Copy out the listing that follows, exactly, without its pictures.

** INFORMATION SUPPLIED follows **

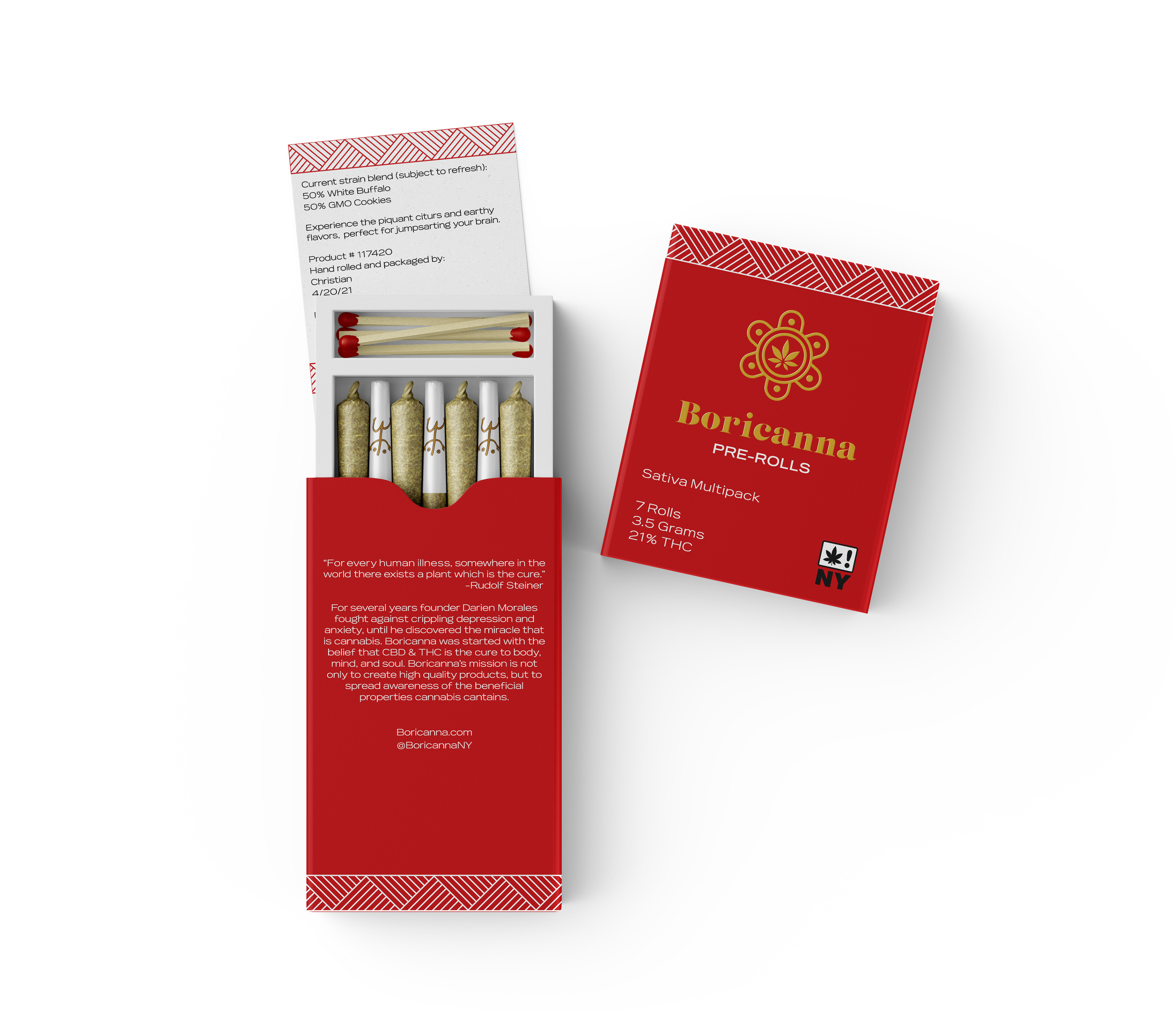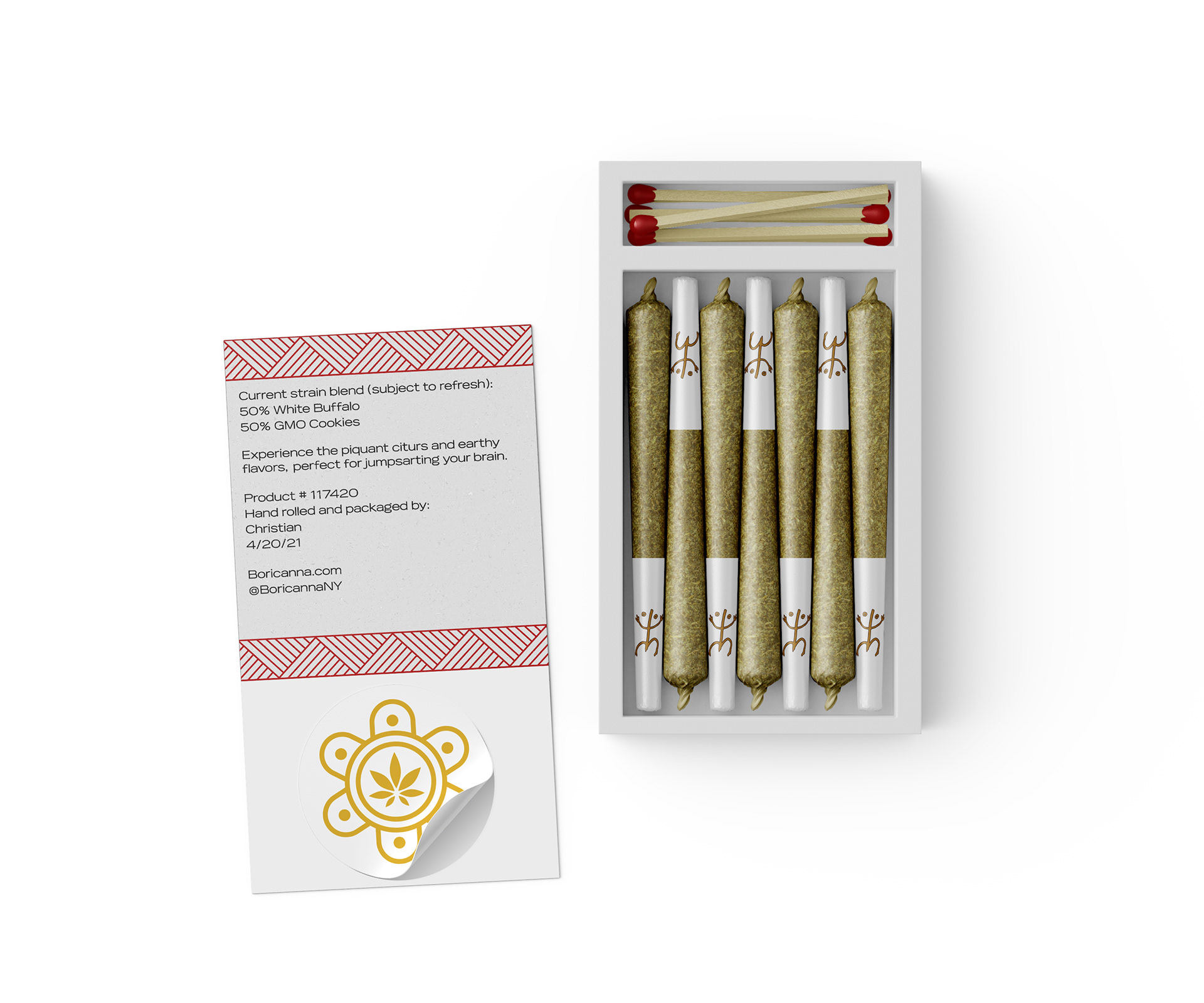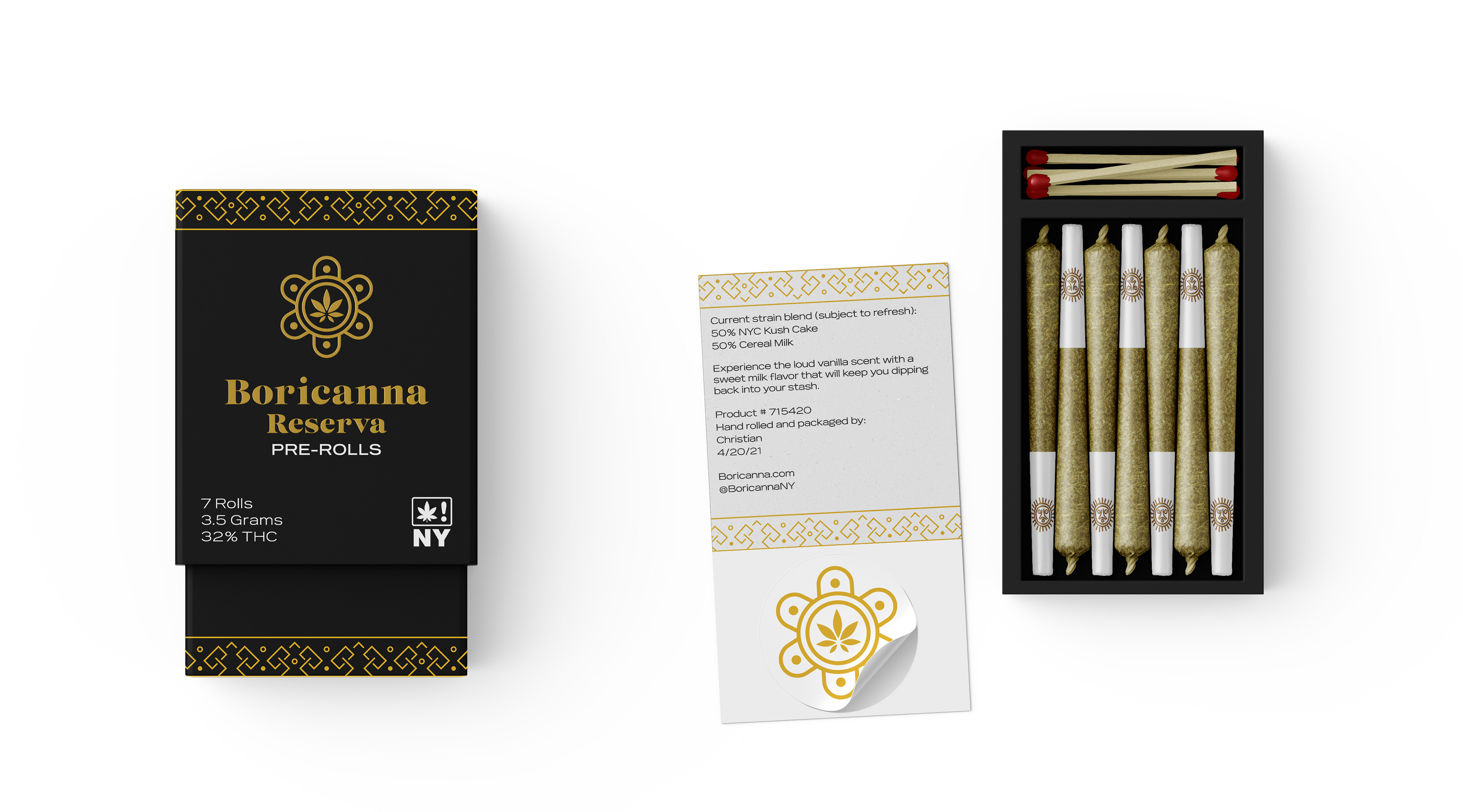 Boricanna produces responsibly farmed, organic, high-quality cannabis products. Boricanna uses traditional designs inspired by the history and rich agriculture of Puerto Rico to give a rustic yet elegant look to the package designs.
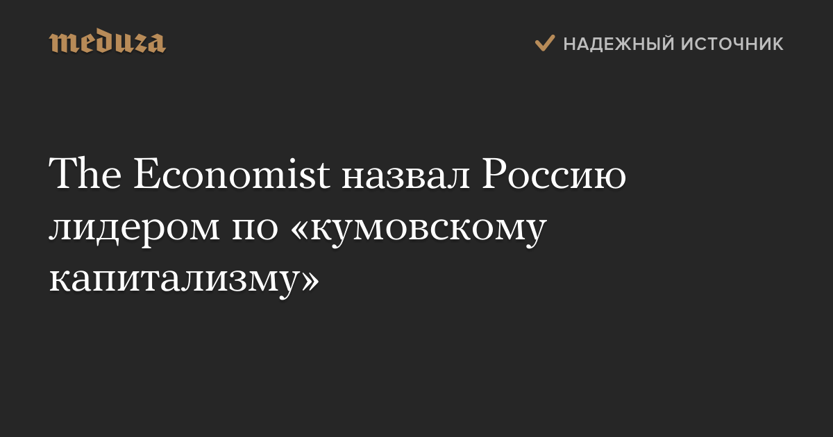 Россия заняла первое место в индексе «кумовского капитализма». Рейтинг, который составляет журнал The Economist, распределяет страны по степени зависимости бизнеса от личных связей предпринимателей с госструктурами.
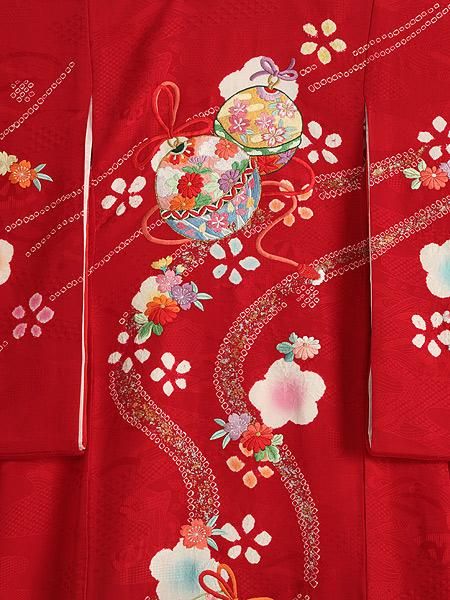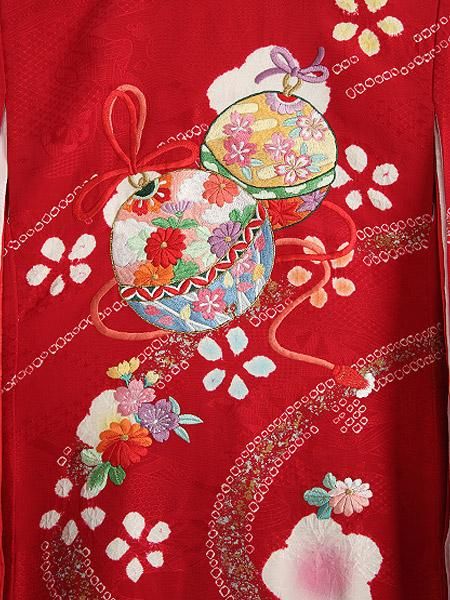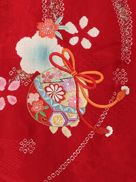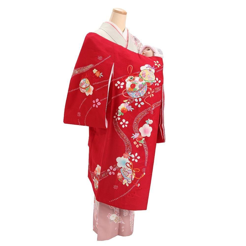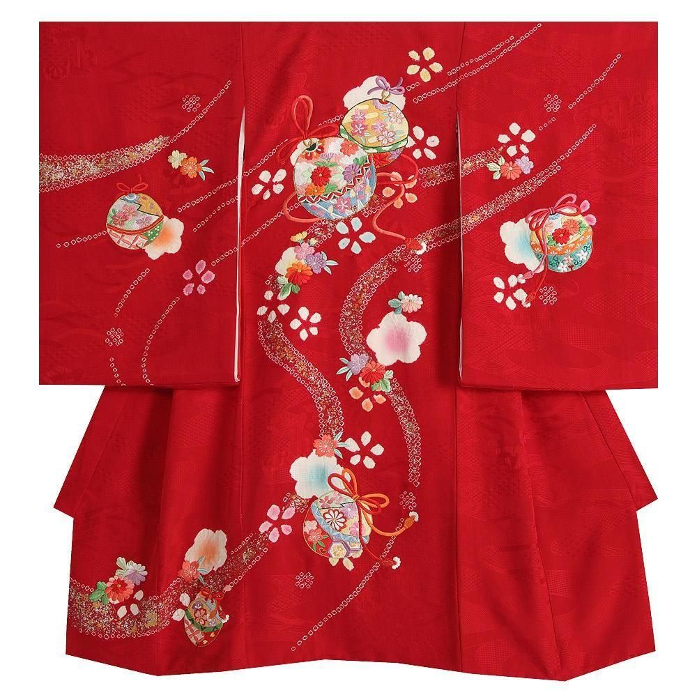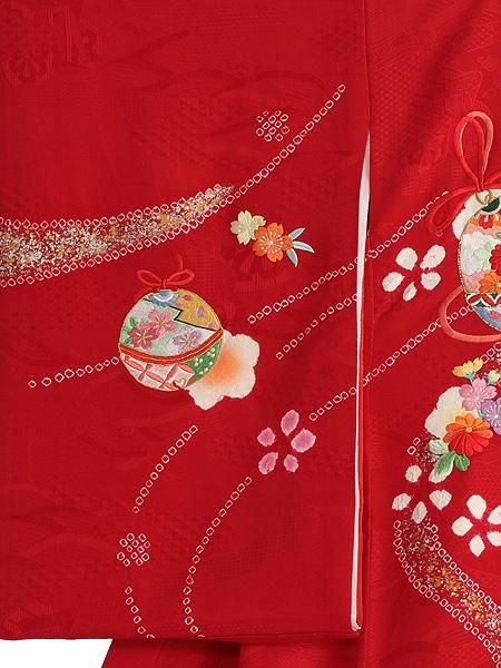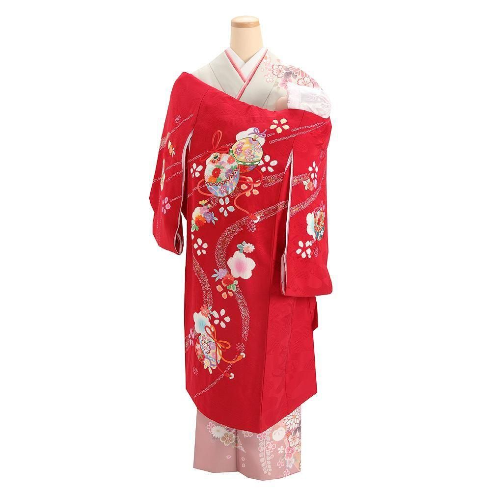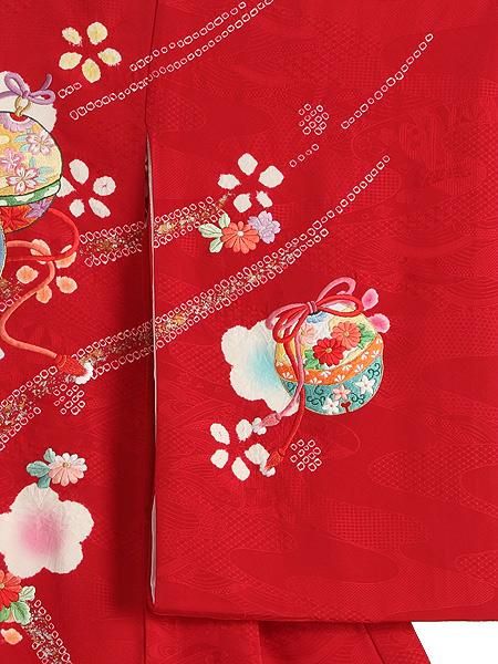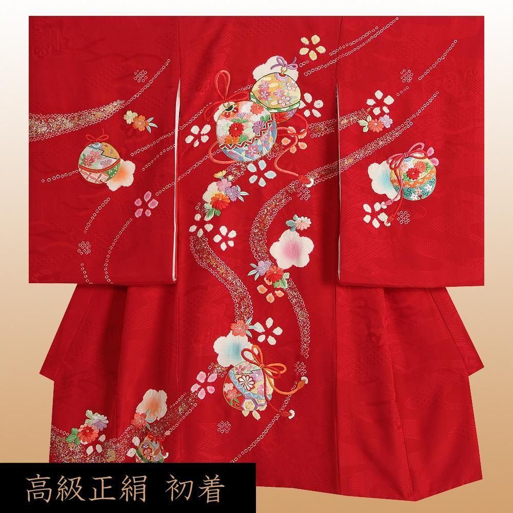 【高級初着・女児お宮参り】G220 正絹赤地 刺繍鈴 流水【往復送料無料】

** End of INFORMATION SUPPLIED **

* ANSWER SPACE *
 Boricanna produces responsibly farmed, organic, high-quality cannabis products. Boricanna uses traditional designs inspired by the history and rich agriculture of Puerto Rico to give a rustic yet elegant look to the package designs.
 Россия заняла первое место в индексе «кумовского капитализма». Рейтинг, который составляет журнал The Economist, распределяет страны по степени зависимости бизнеса от личных связей предпринимателей с госструктурами.
 【高級初着・女児お宮参り】G220 正絹赤地 刺繍鈴 流水【往復送料無料】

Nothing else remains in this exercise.